Что делать? Ева быстро шагнула к соседней кабинке, но туда же переместилась и "стена", положила руку на ручку дверки.
— Без шуток! Плати и фонтань себе.
Здесь глухо. Сколько ей удастся протерпеть? Минуты две сдюжу? Придётся отбросить стыдливость и спрашивать дорогу в женский рай пусть и у строгих дяденек при галстуках.
Морщась и зажимаясь, даже пританцовывая, Ева развернулась к двери, но внезапно услышала в спину:
— Ладно уж. Хлещи себе, а после потолкуем.
Ура! Девушка повернулась, прямо-таки влетела в кабинку, стала задом к унитазу.
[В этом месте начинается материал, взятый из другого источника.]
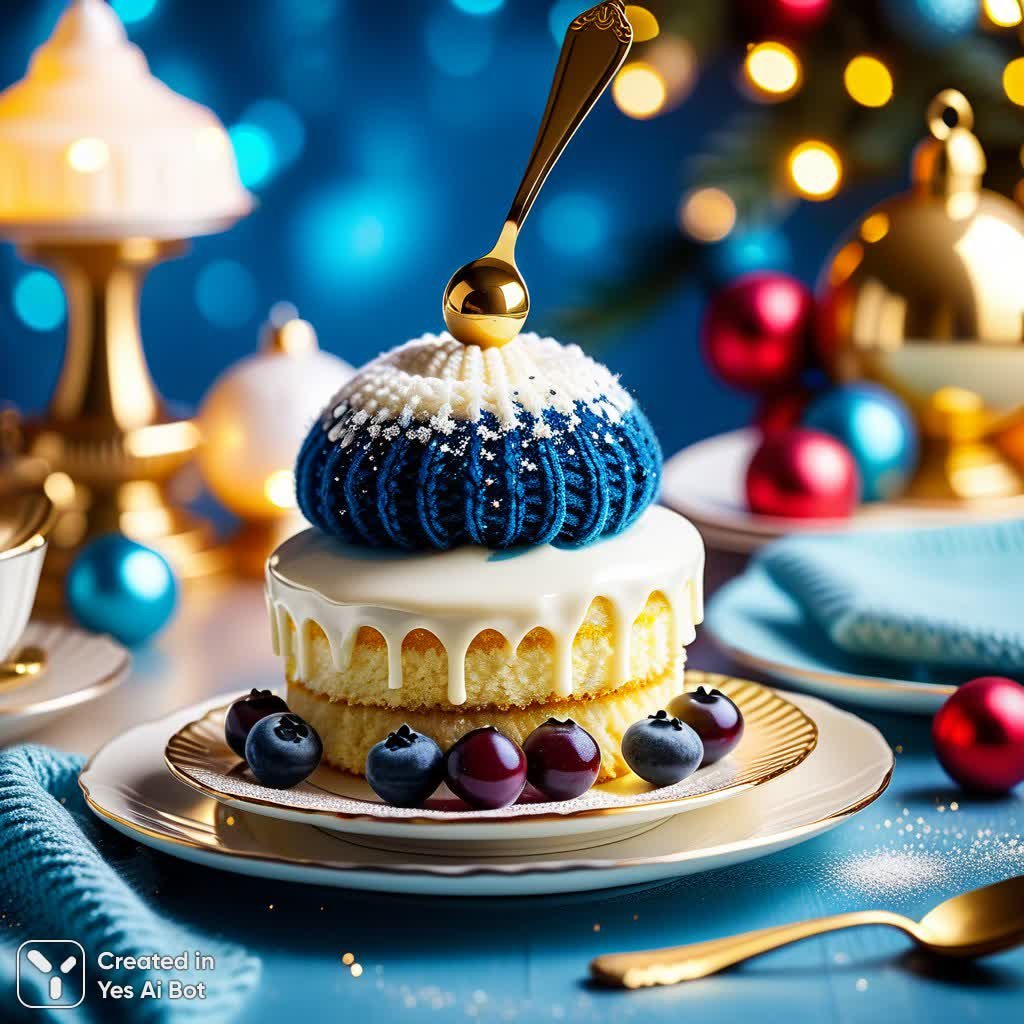 Изысканный десерт в стиле ретро, словно сошедший с полотен старинных мастеров, представлен на потертой, но элегантной тарелке с золотым орнаментом. В центре композиции – восхитительный торт, мастерски воссоздающий форму уютного вязаного белого берета, украшенного пушистым кремовым помпоном. Рядом с ним примостилась изящная золотая ложечка с утонченным декором, а рядом - аппетитный кусочек торта с насыщенной синей начинкой из черники, намекающий на его неидеальную, но очаровательную красоту. За всей этой сказочной картиной скрывается мягкое свечение праздничных огней, создающее атмосферу волшебства и безмятежности. Это настоящее произведение кулинарного искусства, где каждая деталь продумана до мелочей, а сочетание текстур и цветов пробуждает самые приятные воспоминания о тепле домашнего очага и радости встречи с близкими людьми. Подача блюда выполнена с особым вниманием к деталям, подчеркивая его неповторимый характер. Этот десерт – не просто угощение, а настоящее событие, способное подарить незабываемые эмоции и ощущение праздника. Он словно приглашает насладиться каждым мгновением, вкусом и ароматом, погружаясь в атмосферу уюта и тепла

И вдруг увидела, что тётка тоже втискивается сюда.
— Пусти-ка, — бок почувствовал толчок. — Тут сиденье хитро опускается, сейчас помогу тебе.
Она протиснулась мимо посторонившейся Евы, но не стала возиться с сиденьем, а сзади захватила девичьи запястья и быстро, с хрустом выворачиваемых плеч, рванула вверх.
— А-а-ай!
Дикая боль в плечах. Еву согнуло в пояснице, она широко открыла рот и зажмурила глаза, вся охваченная одним, только одним желанием: сдержаться, справиться с пузырём, ни в коем случае не пролить! Сколько ушло времени на отчаянное сжатие сфинктера, она не считала, но когда чуток отошла и вернула себе способность видеть, слышать и ощущать, оказалось, что её руки выкручены и крепко привязаны к толстой трубе сливного бачка.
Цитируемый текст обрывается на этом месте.